I am an agnostic/atheist who has recently been debating the merits of the Kalam Cosmological Argument (KCA) with an acolyte of yours on a forum. I think I have all my objections clear in my mind now and was hoping you could give some commentary on them. My objections concern the first premise, "Whatever begins to exist has a cause of its existence".

Firstly I need to investigate a little your definition of "begins to exist". Do you consider this phrase synonymous with "has a finite past"? Here are a couple of premises:

(a) Whatever has a finite past begins to exist.
(b) Whatever begins to exist has a finite past.

If you endorse these, which I expect you will, then it is a matter of logical necessity that you consider the two synonymous. If you reject one of them (likely (a)) then I would be interested in your definition of "begins to exist". Under most other definitions of "begins to exist" I am liable to reject the second premise (that the universe began to exist) rather than the first.

If their synonymity is accepted, you can't have any objections to me modifying the first premise:

1´. Whatever has a finite past has a cause of its existence.

Now a side note on your use of language. While I'm sure you are familiar with the argument that questions about what came before the Big Bang are meaningless (the usual analogy is "What is north of the North Pole?") you insist on using language which makes it appear that you have not understood this argument. For instance, I have seen you use language such as "creatio ex nihilo", "coming out of nothing", "springs spontaneously out of the void", all of which imply a transition from the state of nonexistence to the state of existence. The alternative to a caused universe is not a universe which "sprang into existence uncaused", but a universe which was never not in existence and hence for which there was no transition from nonexistence to existence. To say that the universe was in a state of nonexistence implies an external perspective on the universe, which implicitly rejects the idea that the universe is all there is. If the universe is all there is, there was no creation event, but simply an initial state of the universe. Another forum poster put it succinctly when he wrote: "There is nothing the universe came from" is not identical to "The universe came from nothing". Rather, the contention is that applying "came from" to the universe is a category error.

This brings me to my first objection, which is that the modified premise 1´ has little of the intuitive force of the original. Here's the Stanford Encyclopedia of Philosophy on the consequences of the change:

Whereas behind [the original premise 1] lays the ancient Parmenidean contention that out of nothing nothing comes, no principle directly connects finitude with causation. Critics contend that we have no reason to think that just because something is finite it must have a cause of its coming into existence.

If you choose a definition of "begin to exist" which requires a transition from one state to another, as opposed to merely a finite past, I will reject the second premise instead. However, my sense is that such a position would not be tenable given what you have previously written on the KCA, for example:

But, in any case, as I've argued elsewhere, viable non-singular models (like Stephen Hawking's model) still involve a merely finite past and therefore a beginning of time and the universe.

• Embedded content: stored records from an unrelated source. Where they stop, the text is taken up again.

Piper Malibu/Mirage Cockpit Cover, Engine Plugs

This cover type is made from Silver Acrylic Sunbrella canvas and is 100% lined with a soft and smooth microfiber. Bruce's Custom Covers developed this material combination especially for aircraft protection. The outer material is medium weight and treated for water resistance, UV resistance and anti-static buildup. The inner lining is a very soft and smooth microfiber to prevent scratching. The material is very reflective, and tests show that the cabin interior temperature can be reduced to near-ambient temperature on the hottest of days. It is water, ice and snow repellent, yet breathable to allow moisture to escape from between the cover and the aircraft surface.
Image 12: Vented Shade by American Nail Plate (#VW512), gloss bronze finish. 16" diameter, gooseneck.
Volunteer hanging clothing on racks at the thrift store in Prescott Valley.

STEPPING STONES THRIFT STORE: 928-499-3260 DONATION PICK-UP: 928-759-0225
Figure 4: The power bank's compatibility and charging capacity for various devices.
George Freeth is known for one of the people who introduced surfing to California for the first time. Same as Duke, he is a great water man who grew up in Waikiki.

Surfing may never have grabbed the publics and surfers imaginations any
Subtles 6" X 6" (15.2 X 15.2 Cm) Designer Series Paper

My second (separate) objection is simply that it is unwise to extrapolate general metaphysical truths from everyday experience. "A thing cannot be in two opposing states at once" is a premise that might once have seemed an "ontologically necessary truth", "one which is constantly confirmed in our experience". However, when we ventured into the world of subatomic physics, we discovered that things there did not accord with our experiences in the macro world. You seem familiar with the example of uncaused virtual particle pair formation leading to Hawking radiation, which is currently thought to be uncaused. You object that:

Now in fact particle pair production furnishes no analogy for this radical ex nihilo becoming, as Davies seems to imply. This quantum phenomenon, even if an exception to the principle that every event has a cause, provides no analogy to something's coming into being out of nothing. Though physicists speak of this as particle pair creation and annihilation, such terms are philosophically misleading, for all that actually occurs is conversion of energy into matter or vice versa.

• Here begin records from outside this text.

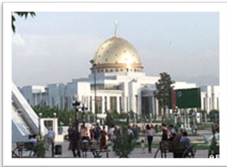
The gold-domed Presidential Palace in the capital, Ashgabat, built by Niyazov

Parliamentary elections held in 1999, 2003, and 2004 were considered neither free nor fair, with all candidates selected by the government and no opposition party or candidates allowed. Starting in 1994, only Niyazov's Democratic Party of Turkmenistan (DPT), the former Turkmen Communist Party, was permitted to field candidates, and all opposition groups were officially banned. Niyazov's rule was characterized by a zero-tolerance policy towards all real or suspected opposition activity, and purges of government officials who showed independent or critical views.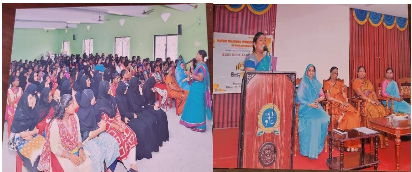
Figure 3 & 4: Chief Guest's speech on the topic "Career Scope for Business Administration."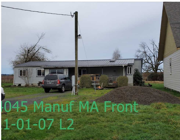
045 Manuf MA Front 1-01-07 L2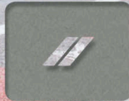
BILLET SILVER METALLIC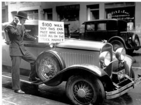
"100.00 WILL BUY THIS CAR, MUST HAVE CASH, LOST ALL ON THE STOCK MARKET"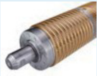
Extra large broach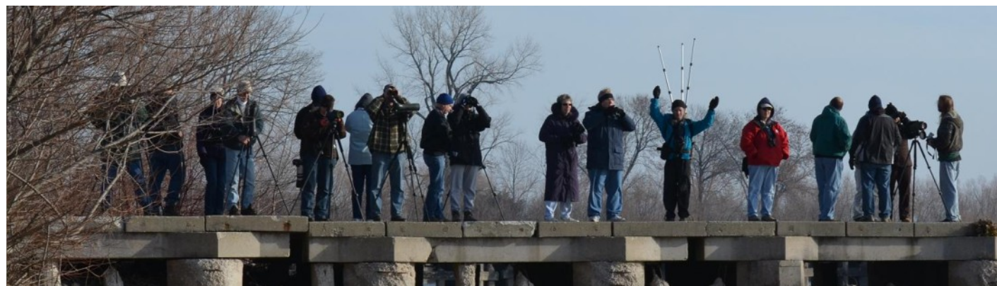
Novembrrrrrr Birding at Shoop Park, November 2012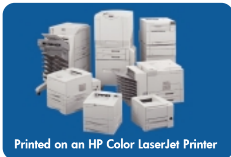
Printed on an HP Color LaserJet Printer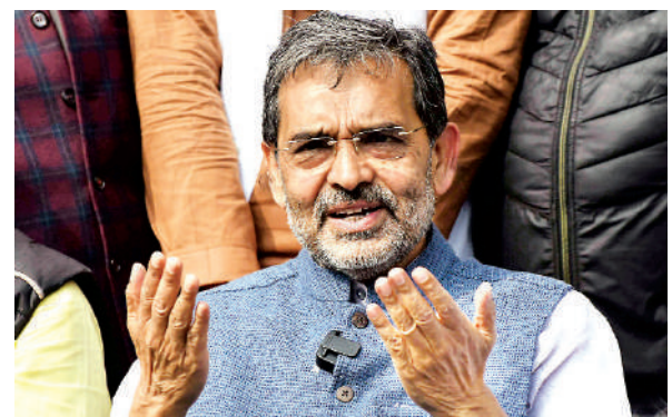
Janta Dal United (JDU) National Parliamentary Board President Upendra Kushwaha addresses a press conference, in Patna, Friday.

"The chief minister has been saying that I have quit the party thrice and come back out of my own wish. I must correct him. I have parted ways and re-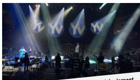
And....we were part of the small matter of the largest children's concert in the world - YOUNG VOICES 2024!

Finally, in Years 5/6, the children are learning about local British history guided by the question: How has the Industrial Revolution influenced lives today? Here, our pupils will make connections to characters who worked in the workhouses to gain understanding and empathy for those who lived through the Industrial Revolution and also look at the development of railways linked to Doncaster.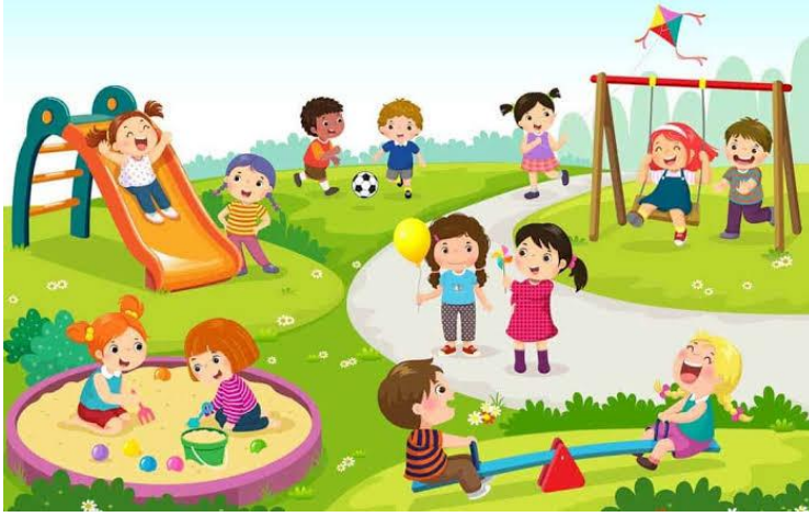
Children, playing, swings, happy, friends, kite, flying, enjoying, football, balloon, see-saw.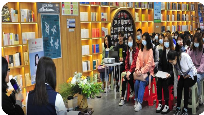
New reading space of “bookstore + library”

The innovative “Design City · Scholarly City” has integrated cultural and creative design with learning city to improve citizens’ learning awareness and capabilities. It has opened up a new reading space of “bookstore + library”, turned cafes into “mini-libraries”, made the Dandelion Happy Reading Town enter communities, and changed 108 museums, such as Wuhan Museum, Wuhan Museum of Science and Technology and Wuhan Industrial Heritage Museum, into pluralistic learning places, adding more fun to citizens’ learning.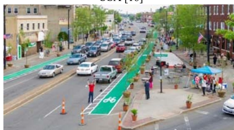
Fig. 4 Bike lanes in North Hill, Ohio, 2015 [17]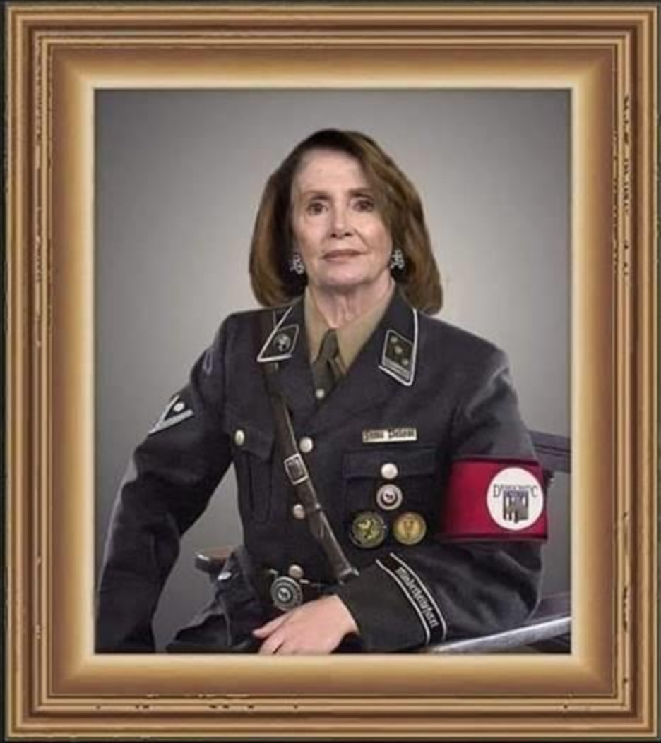
MINISTER OF PROPAGANDA Frau Nancy Pelosi

However, this is a double standard, since everyday examples of things which "begin to exist" also do not involve actual creation. Thus, you seek to disallow uncaused transitions as precedent for an uncaused beginning to the universe, while using causative transitions as the intuitive basis for a causative beginning. Either such events are similar to the beginning of the universe or they are not. (Note that as per objection 1 I don't agree that the universe "came into being out of nothing"; this is a separate objection).

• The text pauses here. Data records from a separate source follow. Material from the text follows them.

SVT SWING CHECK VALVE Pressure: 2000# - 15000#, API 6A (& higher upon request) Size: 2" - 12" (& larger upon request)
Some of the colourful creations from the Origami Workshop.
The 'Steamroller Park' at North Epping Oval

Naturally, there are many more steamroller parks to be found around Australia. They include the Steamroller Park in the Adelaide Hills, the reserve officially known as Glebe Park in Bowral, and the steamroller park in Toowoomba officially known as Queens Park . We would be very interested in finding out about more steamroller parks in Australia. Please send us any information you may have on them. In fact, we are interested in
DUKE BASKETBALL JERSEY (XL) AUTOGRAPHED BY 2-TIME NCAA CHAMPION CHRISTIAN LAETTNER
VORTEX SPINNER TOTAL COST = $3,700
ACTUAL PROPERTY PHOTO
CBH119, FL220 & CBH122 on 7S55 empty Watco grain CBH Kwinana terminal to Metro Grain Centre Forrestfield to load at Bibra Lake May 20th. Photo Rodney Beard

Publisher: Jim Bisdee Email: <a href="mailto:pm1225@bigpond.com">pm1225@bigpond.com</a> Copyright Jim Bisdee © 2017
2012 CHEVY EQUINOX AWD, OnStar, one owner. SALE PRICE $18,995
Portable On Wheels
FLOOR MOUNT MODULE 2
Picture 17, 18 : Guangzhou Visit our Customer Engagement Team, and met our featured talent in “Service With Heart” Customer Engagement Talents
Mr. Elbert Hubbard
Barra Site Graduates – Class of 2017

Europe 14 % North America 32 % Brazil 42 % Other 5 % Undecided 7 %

However, I don't want to spend too much time on this point, since even if I grant you that there is nothing uncaused in our experience, the inductive argument is still not valid. Here are a few inductive arguments similar to the KCA:

1. Every patch of land on the Earth is attached to a more northerly patch of land.
2. The North Pole is a patch of land on the Earth.
3. Therefore, the North Pole is attached to a more northerly patch of land.

1. Every positive integer has a positive integer which is one less than it.
2. One is a positive integer.
3. Therefore, there is a positive integer which is one less than one.

1. Everything of a finite size has one or more things surrounding it.
2. The universe is of a finite size.
3. Therefore, there are one or more things surrounding the universe.

In each case, the argument is valid if the premises are valid. Also in each case, counterexamples to the first premise other than the ones mentioned in the second premise are unavailable. The only way to reject the arguments is to reject the first premise, something nobody has any difficulty doing. It is obvious to us that in an argument concerning size, the smallest positive integer cannot be treated the same as the rest. In an argument about the direction north, the most northerly point must be treated differently to other points. Similarly, in an argument about a series of states of the universe which cause each other, the initial state must be treated differently to all subsequent states. The fact that we don't observe any other beginning to a chain of causation is no more mysterious than the fact that there are not multiple smallest integers, or multiple most northerly points.

I included the third "argument" above because it seems to me to most closely match the KCA. The idea that finite space implies something beyond that space is little different to the idea that finite time implies something beyond that time. Both are rejections of the idea that there could be finite boundaries to what exists.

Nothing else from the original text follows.